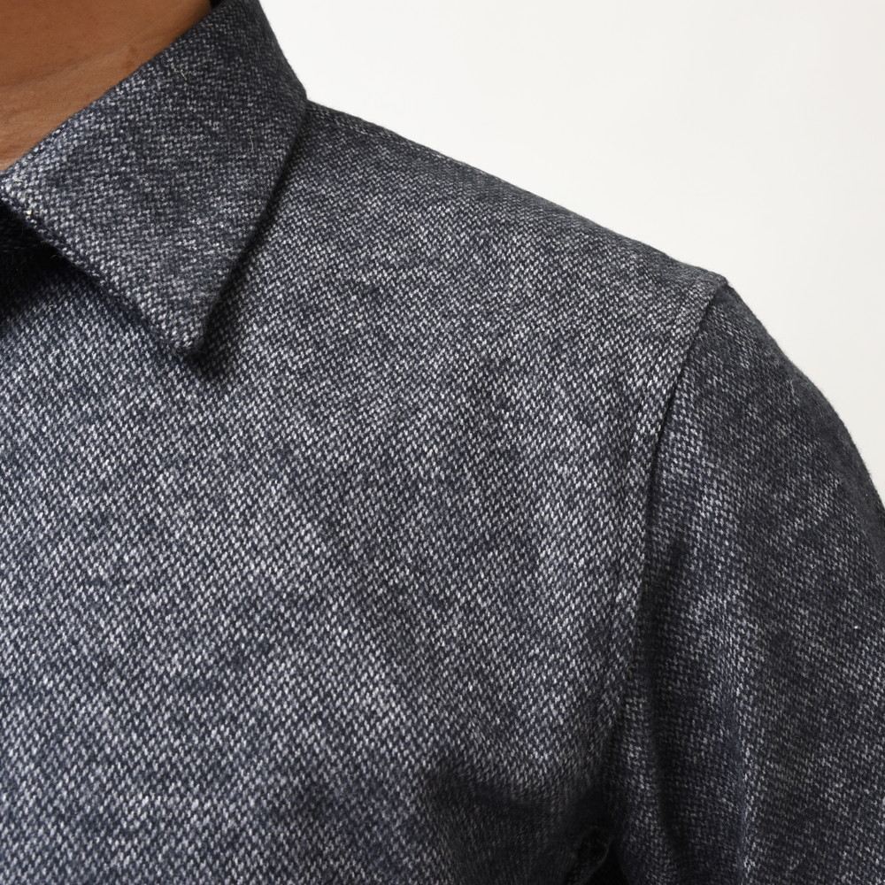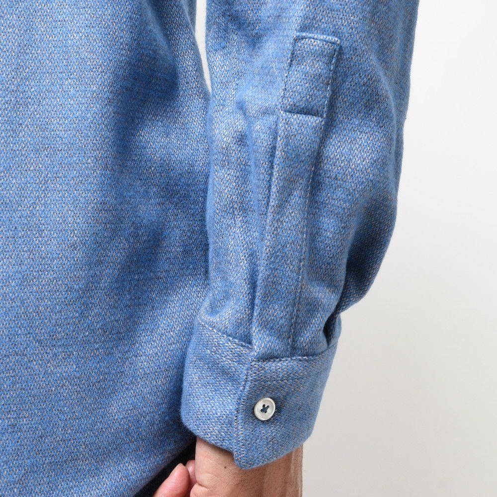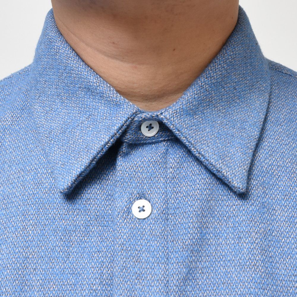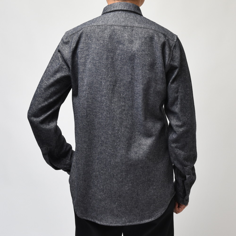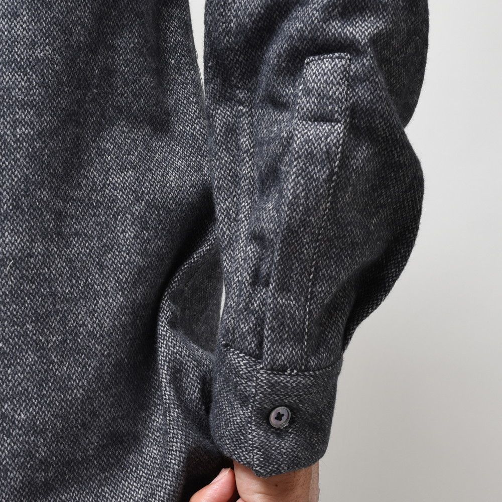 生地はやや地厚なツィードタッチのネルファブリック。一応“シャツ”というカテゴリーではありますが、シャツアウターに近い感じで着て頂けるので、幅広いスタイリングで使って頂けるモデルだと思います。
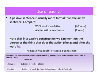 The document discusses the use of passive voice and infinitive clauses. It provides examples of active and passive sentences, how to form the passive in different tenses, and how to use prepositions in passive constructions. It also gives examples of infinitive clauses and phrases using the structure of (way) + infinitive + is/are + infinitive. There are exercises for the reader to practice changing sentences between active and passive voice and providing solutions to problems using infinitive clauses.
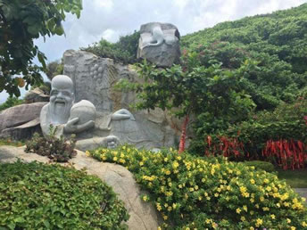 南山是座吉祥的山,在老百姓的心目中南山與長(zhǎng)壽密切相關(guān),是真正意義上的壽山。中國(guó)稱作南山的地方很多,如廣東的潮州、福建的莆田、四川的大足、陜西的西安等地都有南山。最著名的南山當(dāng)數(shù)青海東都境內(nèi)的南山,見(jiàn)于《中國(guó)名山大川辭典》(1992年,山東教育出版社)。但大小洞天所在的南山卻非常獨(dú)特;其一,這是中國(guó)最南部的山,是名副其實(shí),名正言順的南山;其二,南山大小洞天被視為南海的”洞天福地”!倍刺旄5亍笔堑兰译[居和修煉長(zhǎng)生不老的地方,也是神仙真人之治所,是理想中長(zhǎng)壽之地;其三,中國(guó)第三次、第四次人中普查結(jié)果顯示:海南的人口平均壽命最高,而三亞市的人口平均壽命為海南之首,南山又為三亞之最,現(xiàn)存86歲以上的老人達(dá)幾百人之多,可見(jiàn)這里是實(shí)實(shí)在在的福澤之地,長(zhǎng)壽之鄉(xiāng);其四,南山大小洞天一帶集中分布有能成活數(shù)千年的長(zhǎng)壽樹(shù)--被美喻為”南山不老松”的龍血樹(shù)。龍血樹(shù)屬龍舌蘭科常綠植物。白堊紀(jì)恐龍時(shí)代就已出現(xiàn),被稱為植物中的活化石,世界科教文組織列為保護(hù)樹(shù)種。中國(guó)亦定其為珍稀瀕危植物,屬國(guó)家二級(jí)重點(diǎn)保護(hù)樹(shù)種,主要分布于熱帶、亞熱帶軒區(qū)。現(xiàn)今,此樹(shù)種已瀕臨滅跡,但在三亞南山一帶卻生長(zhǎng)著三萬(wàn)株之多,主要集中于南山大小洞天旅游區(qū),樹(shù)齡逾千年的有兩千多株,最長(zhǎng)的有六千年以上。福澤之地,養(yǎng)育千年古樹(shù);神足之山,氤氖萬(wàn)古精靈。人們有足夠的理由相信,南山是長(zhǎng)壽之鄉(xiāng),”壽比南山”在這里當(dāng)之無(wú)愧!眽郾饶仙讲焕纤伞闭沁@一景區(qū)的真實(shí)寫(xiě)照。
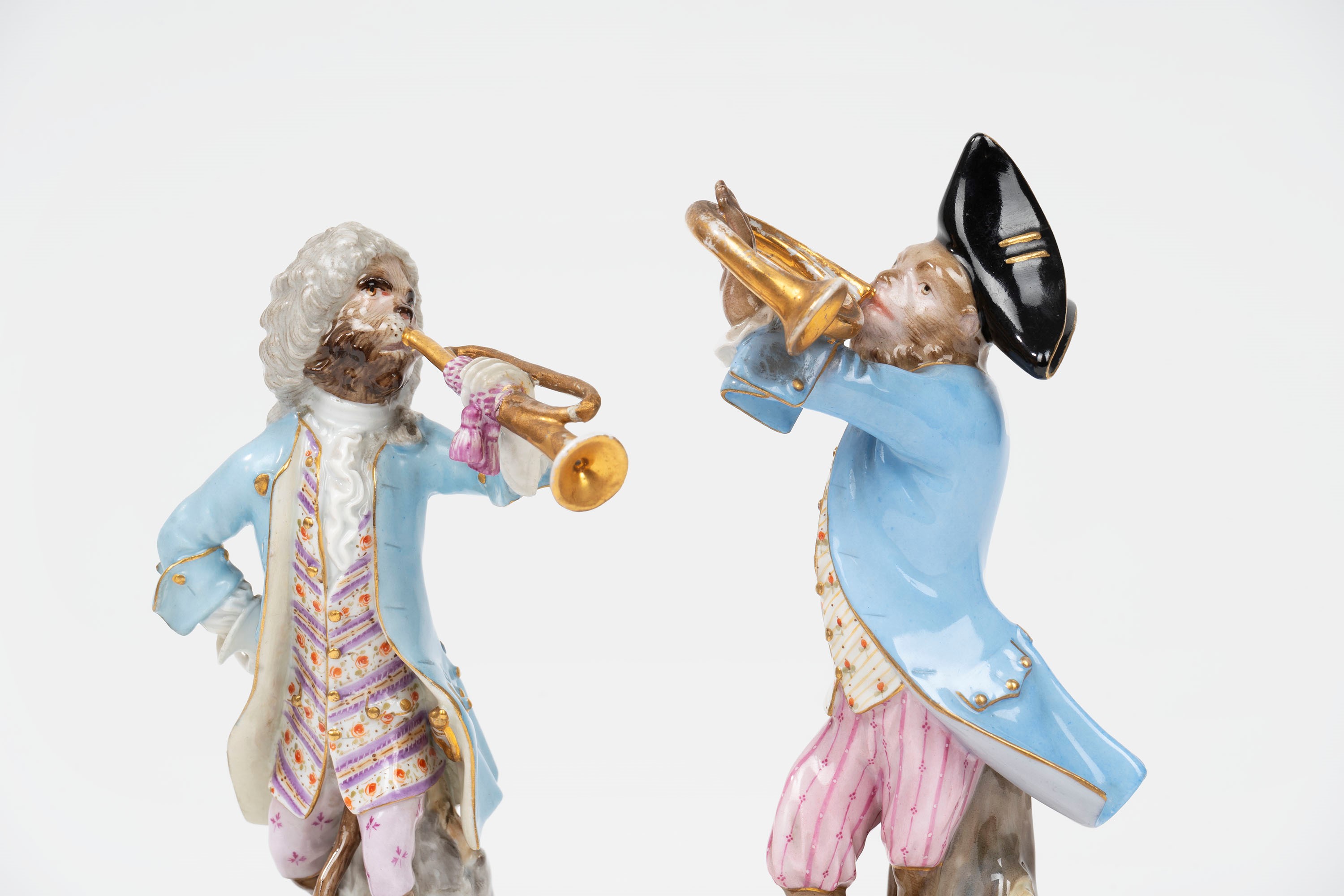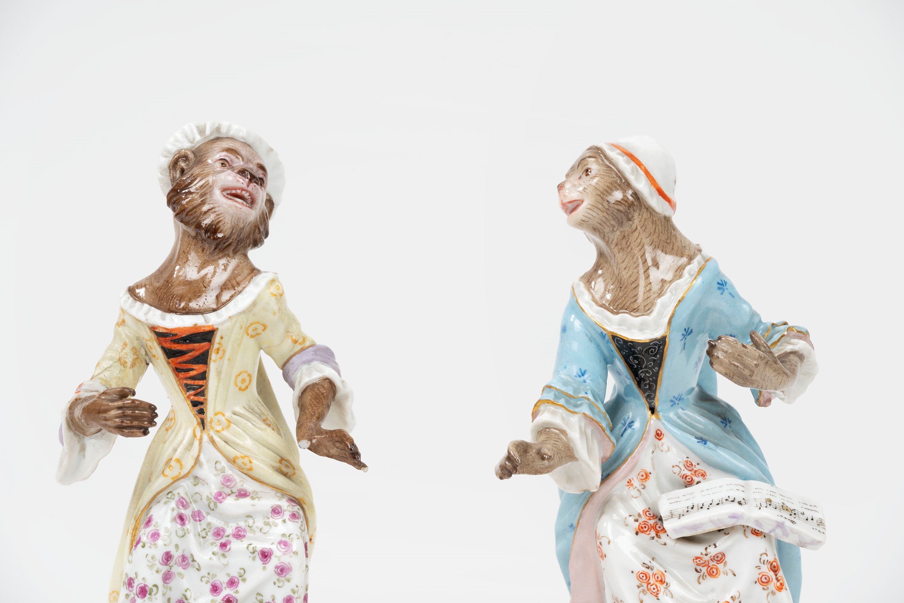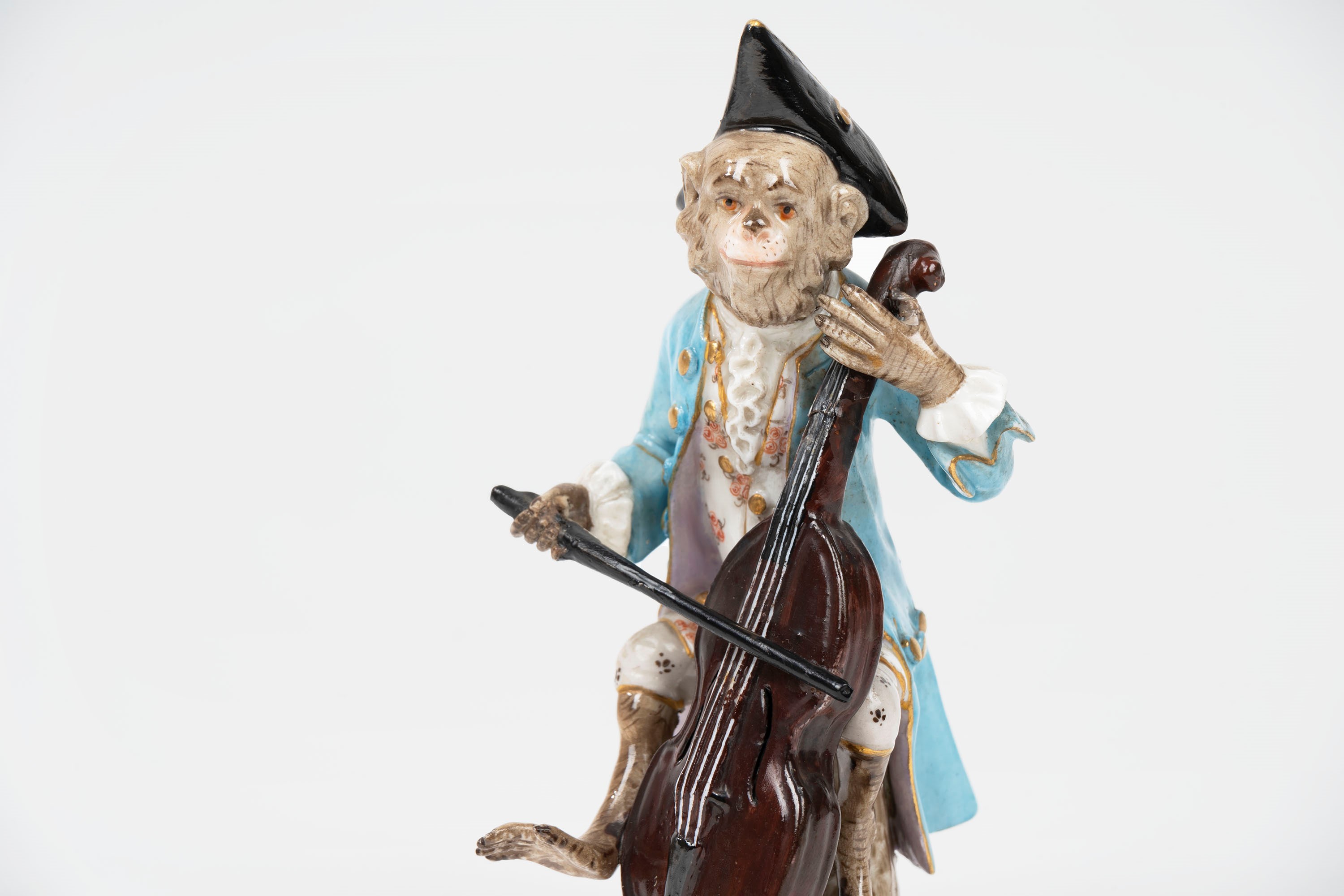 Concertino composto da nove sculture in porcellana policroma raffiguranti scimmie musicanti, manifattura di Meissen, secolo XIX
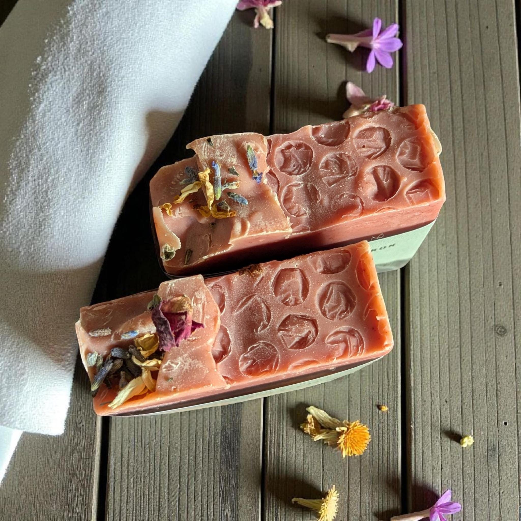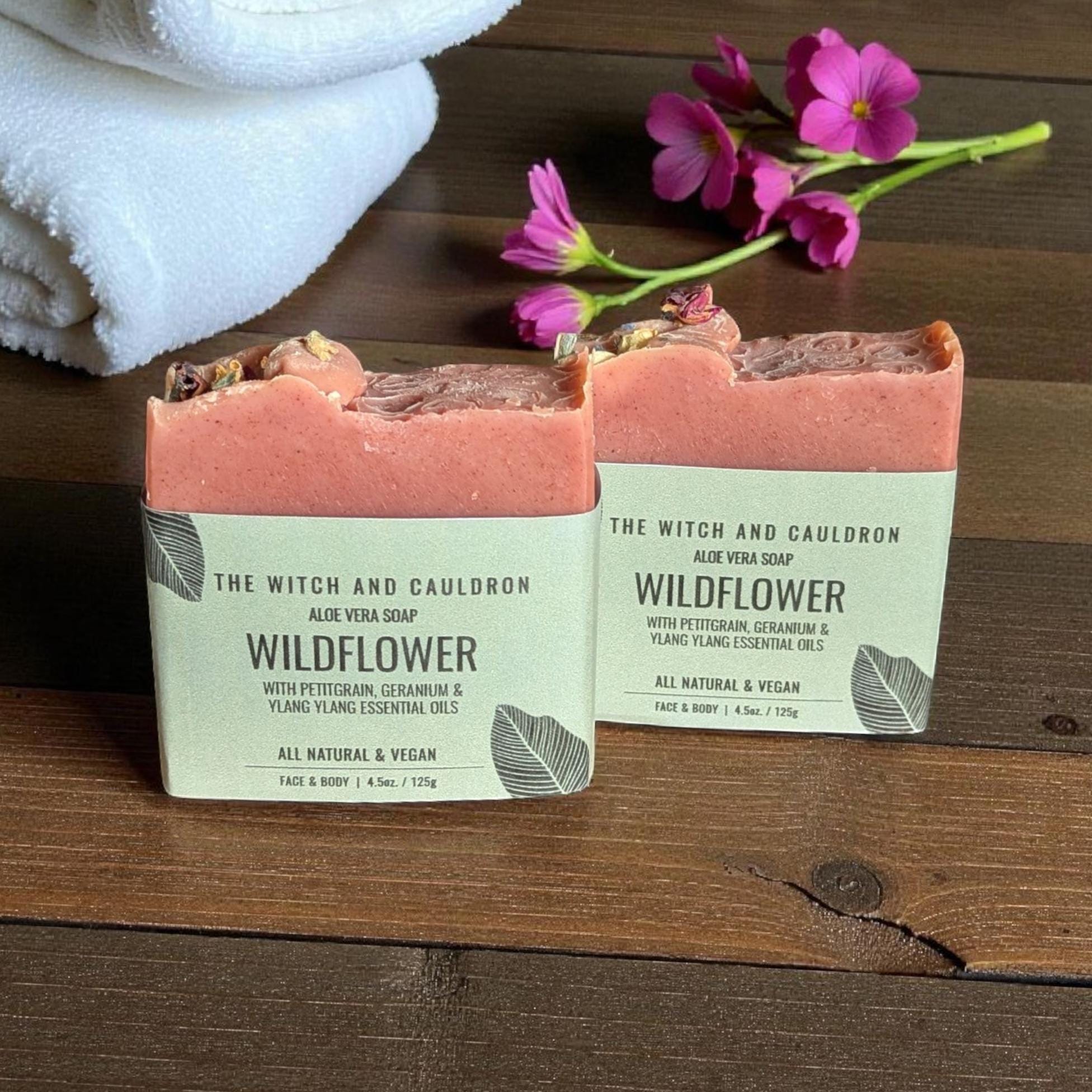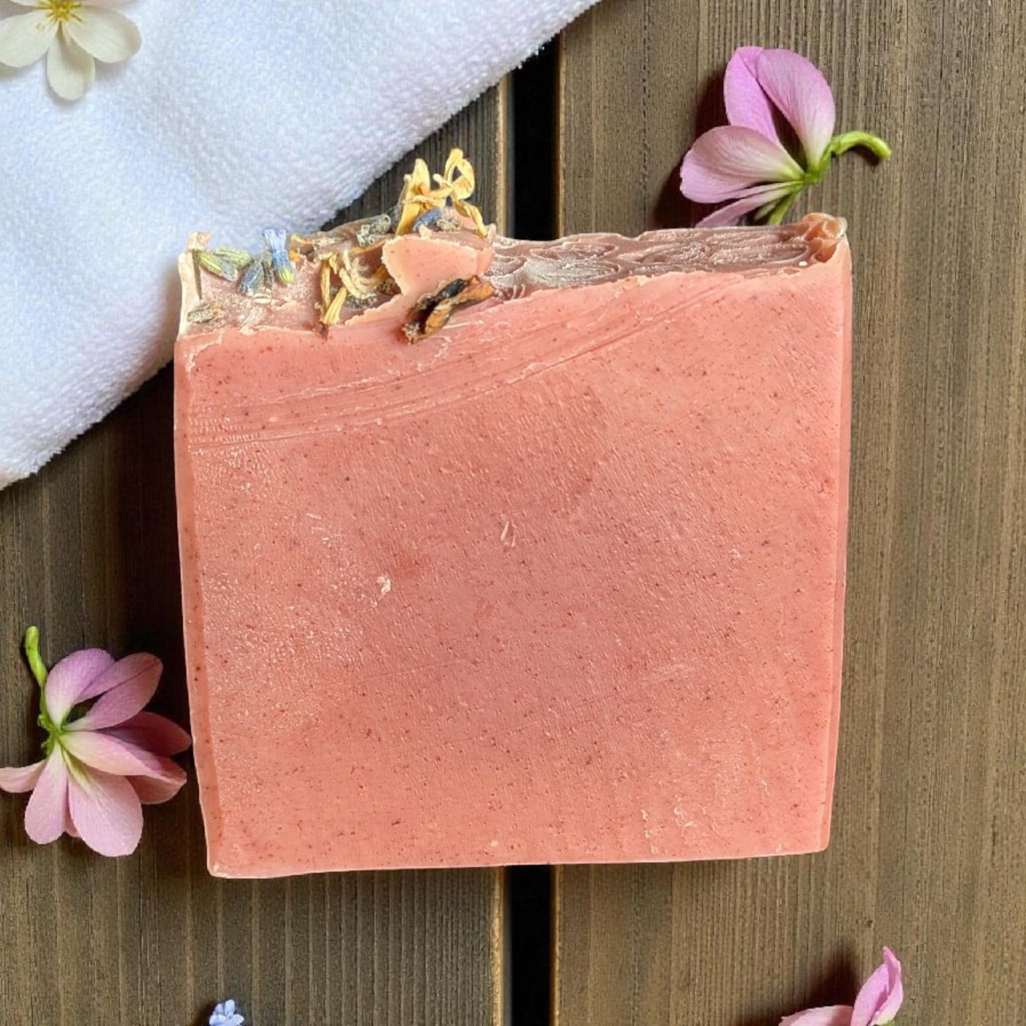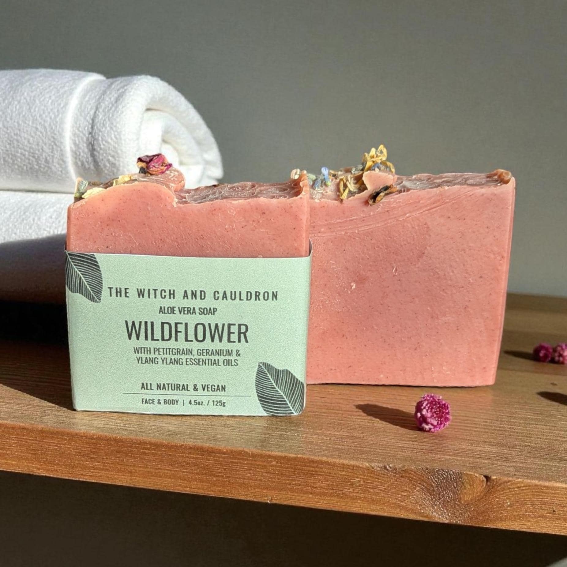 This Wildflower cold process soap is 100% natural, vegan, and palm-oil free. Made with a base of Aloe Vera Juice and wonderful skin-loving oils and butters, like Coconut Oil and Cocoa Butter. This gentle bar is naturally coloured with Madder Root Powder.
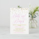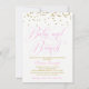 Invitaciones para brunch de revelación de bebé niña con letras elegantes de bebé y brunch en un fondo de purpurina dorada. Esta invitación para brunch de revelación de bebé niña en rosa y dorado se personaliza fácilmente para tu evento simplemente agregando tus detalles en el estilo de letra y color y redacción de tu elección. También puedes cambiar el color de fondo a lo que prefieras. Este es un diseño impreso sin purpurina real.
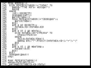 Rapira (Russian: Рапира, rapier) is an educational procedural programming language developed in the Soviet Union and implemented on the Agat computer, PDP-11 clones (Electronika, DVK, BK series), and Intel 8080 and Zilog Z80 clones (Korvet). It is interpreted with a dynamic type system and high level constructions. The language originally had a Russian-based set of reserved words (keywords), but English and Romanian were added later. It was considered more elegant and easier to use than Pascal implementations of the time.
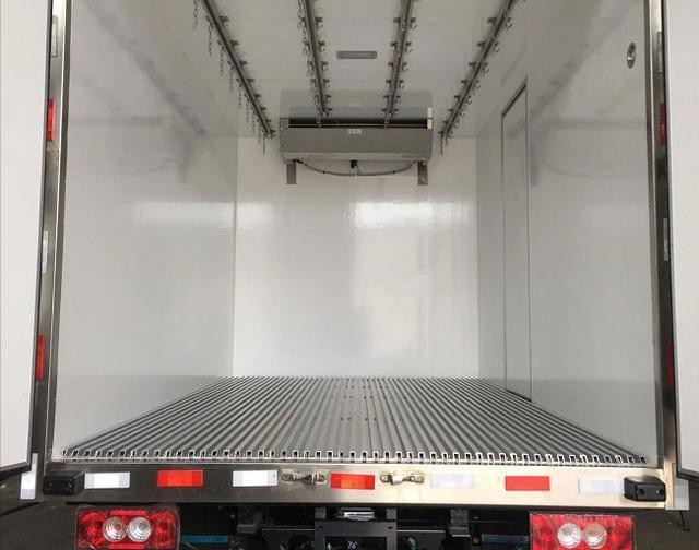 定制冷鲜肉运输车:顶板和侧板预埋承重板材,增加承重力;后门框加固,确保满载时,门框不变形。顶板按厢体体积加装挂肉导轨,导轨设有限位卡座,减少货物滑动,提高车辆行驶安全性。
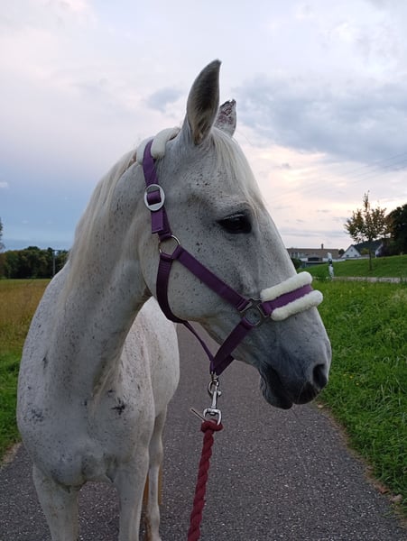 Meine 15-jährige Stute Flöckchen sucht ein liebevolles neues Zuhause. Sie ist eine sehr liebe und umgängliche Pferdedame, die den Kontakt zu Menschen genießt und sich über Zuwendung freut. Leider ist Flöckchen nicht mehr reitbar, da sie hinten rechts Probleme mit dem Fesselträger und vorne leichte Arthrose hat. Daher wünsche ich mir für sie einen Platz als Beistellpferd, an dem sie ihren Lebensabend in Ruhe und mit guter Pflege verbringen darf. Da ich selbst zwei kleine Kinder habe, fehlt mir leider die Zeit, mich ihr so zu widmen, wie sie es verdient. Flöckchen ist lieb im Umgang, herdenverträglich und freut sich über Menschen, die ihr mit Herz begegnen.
────────────────────
Nothing but the lines above from the line with "Rapira (Russian: Рапира, rapier)" up to and including the line with "定制冷鲜肉运输车:顶板和侧板" should be returned, exactly as written and without pictures.

 Rapira (Russian: Рапира, rapier) is an educational procedural programming language developed in the Soviet Union and implemented on the Agat computer, PDP-11 clones (Electronika, DVK, BK series), and Intel 8080 and Zilog Z80 clones (Korvet). It is interpreted with a dynamic type system and high level constructions. The language originally had a Russian-based set of reserved words (keywords), but English and Romanian were added later. It was considered more elegant and easier to use than Pascal implementations of the time.
 定制冷鲜肉运输车:顶板和侧板预埋承重板材,增加承重力;后门框加固,确保满载时,门框不变形。顶板按厢体体积加装挂肉导轨,导轨设有限位卡座,减少货物滑动,提高车辆行驶安全性。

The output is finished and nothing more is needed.